## INSTRUCTIONS TO FOLLOW:
Repeat the listing verbatim. Drop any pictures.

---------- SUPPLIED INFORMATION ----------

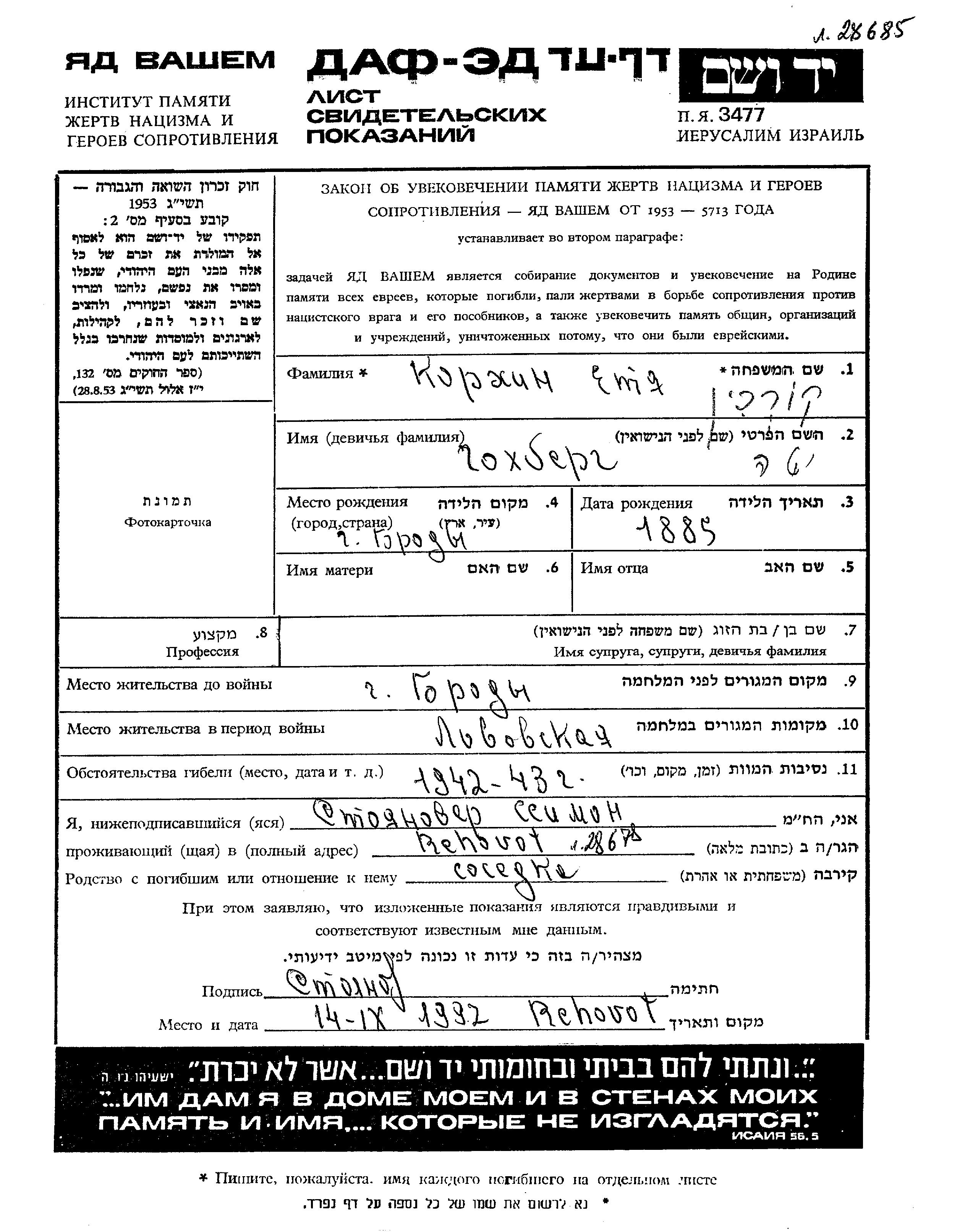 Корхин Этя 1885 Броды, Польша Лист свидетельских показаний
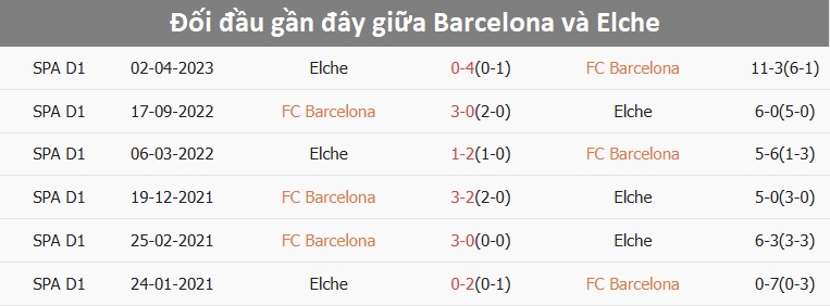 Tổng bàn thắng cả trận: 6/9 trận gần đây của Barcelona dưới mốc tổng bàn thắng. Điều tương tự cũng xảy ra ở 3 trận mới nhất của Elche.
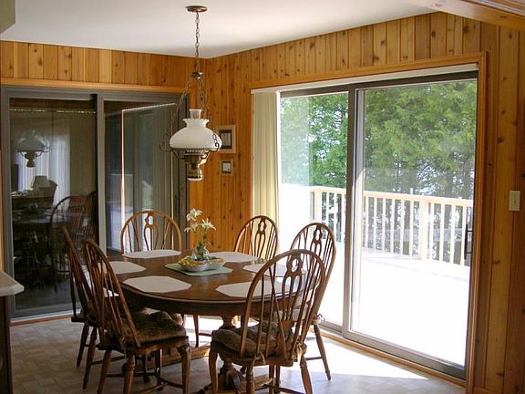 Very private setting, situated a few doors north of the Hardwoods. Custom built 3 bedroom, 2 bath home in move-in condition! Numerous Anderson windows lakeside, including 3 sliders, for a terrific view of the lake. Living room has brick natural gas fireplace w/Heatilator and vaulted ceiling with beautiful Cedar tongue & groove paneling. Kitchen has all new stainless appliances in 2016, oak cabinets, snack bar and dining area with lake view; great for entertaining with 8' slider opening to full length deck. Another sliding door opens to possible office or additional sleep space. Greet each day with a fantastic view from the master bedroom; 8' slider opens to the deck for your morning coffee. Two-car attached garage. All Cedar sided. Total privacy. You'll see no neighboring houses from this home. Must see!

----------

## EXPECTED ANSWER:
 Корхин Этя 1885 Броды, Польша Лист свидетельских показаний
 Tổng bàn thắng cả trận: 6/9 trận gần đây của Barcelona dưới mốc tổng bàn thắng. Điều tương tự cũng xảy ra ở 3 trận mới nhất của Elche.
 Very private setting, situated a few doors north of the Hardwoods. Custom built 3 bedroom, 2 bath home in move-in condition! Numerous Anderson windows lakeside, including 3 sliders, for a terrific view of the lake. Living room has brick natural gas fireplace w/Heatilator and vaulted ceiling with beautiful Cedar tongue & groove paneling. Kitchen has all new stainless appliances in 2016, oak cabinets, snack bar and dining area with lake view; great for entertaining with 8' slider opening to full length deck. Another sliding door opens to possible office or additional sleep space. Greet each day with a fantastic view from the master bedroom; 8' slider opens to the deck for your morning coffee. Two-car attached garage. All Cedar sided. Total privacy. You'll see no neighboring houses from this home. Must see!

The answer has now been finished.